> What you have to do:
Among the entries below, only the lines from the one with "Новый электрический вентилятор" through the one with "Мужские трусы стринги" are wanted, reproduced exactly. Pictures are not wanted.

> Record extracts:

# # # # # # #

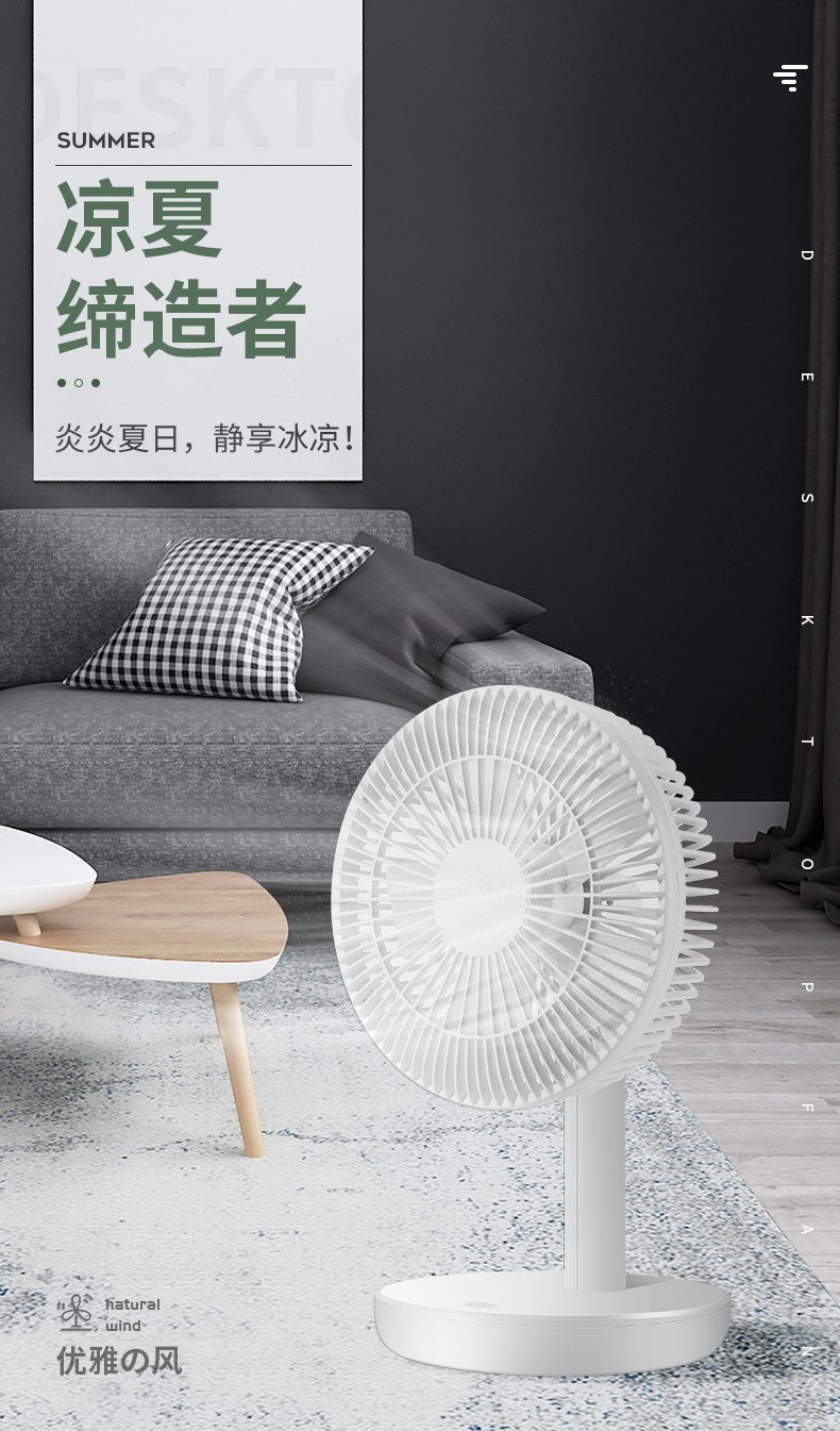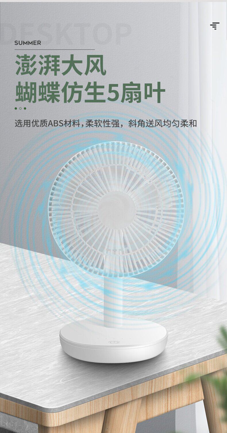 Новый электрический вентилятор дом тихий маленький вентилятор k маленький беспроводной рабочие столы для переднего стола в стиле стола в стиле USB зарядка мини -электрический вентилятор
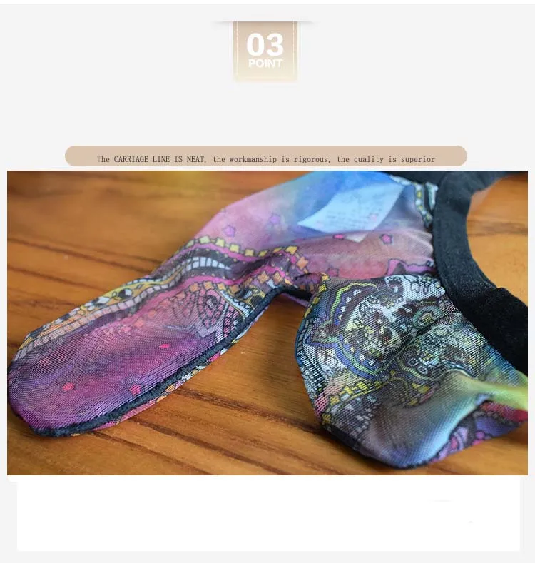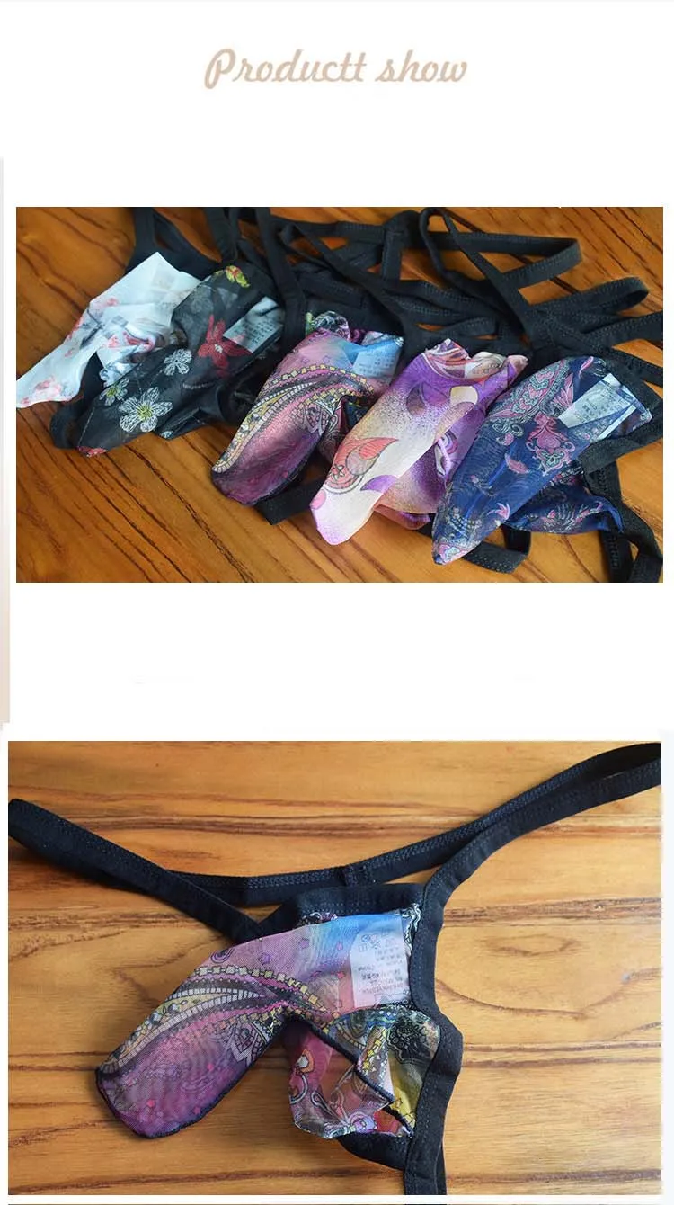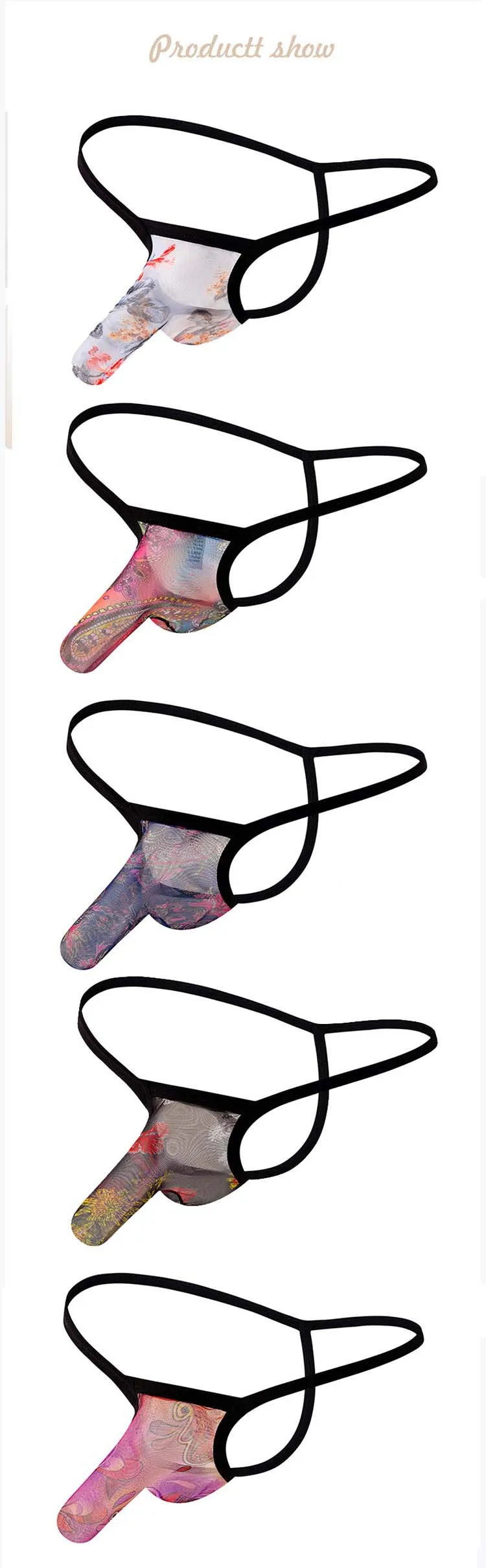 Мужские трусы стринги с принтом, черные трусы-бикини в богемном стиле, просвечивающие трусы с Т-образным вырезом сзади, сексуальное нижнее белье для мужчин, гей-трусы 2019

# # # # # # #

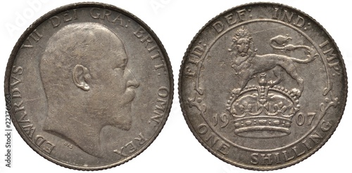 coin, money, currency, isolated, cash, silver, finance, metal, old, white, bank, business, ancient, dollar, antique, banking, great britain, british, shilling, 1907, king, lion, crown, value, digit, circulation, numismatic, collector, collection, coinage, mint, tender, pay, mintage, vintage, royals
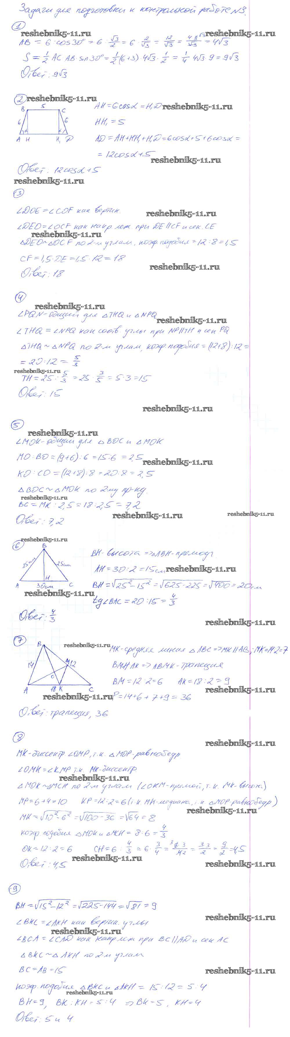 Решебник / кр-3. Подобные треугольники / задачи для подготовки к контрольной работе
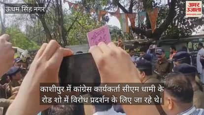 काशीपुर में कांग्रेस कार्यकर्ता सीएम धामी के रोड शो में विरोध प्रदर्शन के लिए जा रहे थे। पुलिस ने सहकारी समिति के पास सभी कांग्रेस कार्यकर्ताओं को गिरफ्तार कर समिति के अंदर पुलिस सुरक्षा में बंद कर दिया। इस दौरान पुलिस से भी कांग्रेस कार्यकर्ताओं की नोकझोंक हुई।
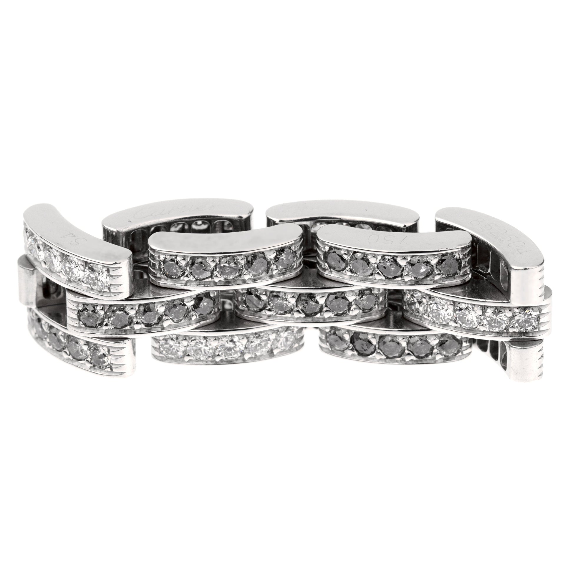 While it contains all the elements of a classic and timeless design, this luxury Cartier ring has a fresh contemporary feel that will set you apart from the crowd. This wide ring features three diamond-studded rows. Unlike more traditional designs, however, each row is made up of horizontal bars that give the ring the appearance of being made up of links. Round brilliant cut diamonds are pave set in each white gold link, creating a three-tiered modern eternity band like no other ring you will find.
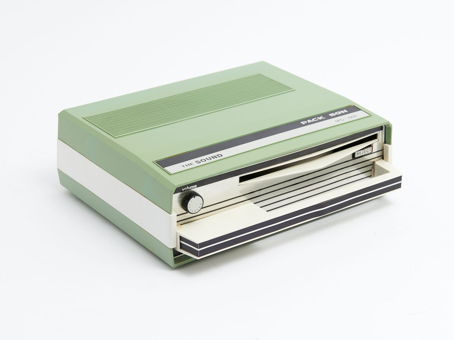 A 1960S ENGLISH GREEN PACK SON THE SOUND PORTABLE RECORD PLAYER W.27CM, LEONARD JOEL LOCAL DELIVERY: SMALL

# # # # # # #

> Answer below:
 Новый электрический вентилятор дом тихий маленький вентилятор k маленький беспроводной рабочие столы для переднего стола в стиле стола в стиле USB зарядка мини -электрический вентилятор
 Мужские трусы стринги с принтом, черные трусы-бикини в богемном стиле, просвечивающие трусы с Т-образным вырезом сзади, сексуальное нижнее белье для мужчин, гей-трусы 2019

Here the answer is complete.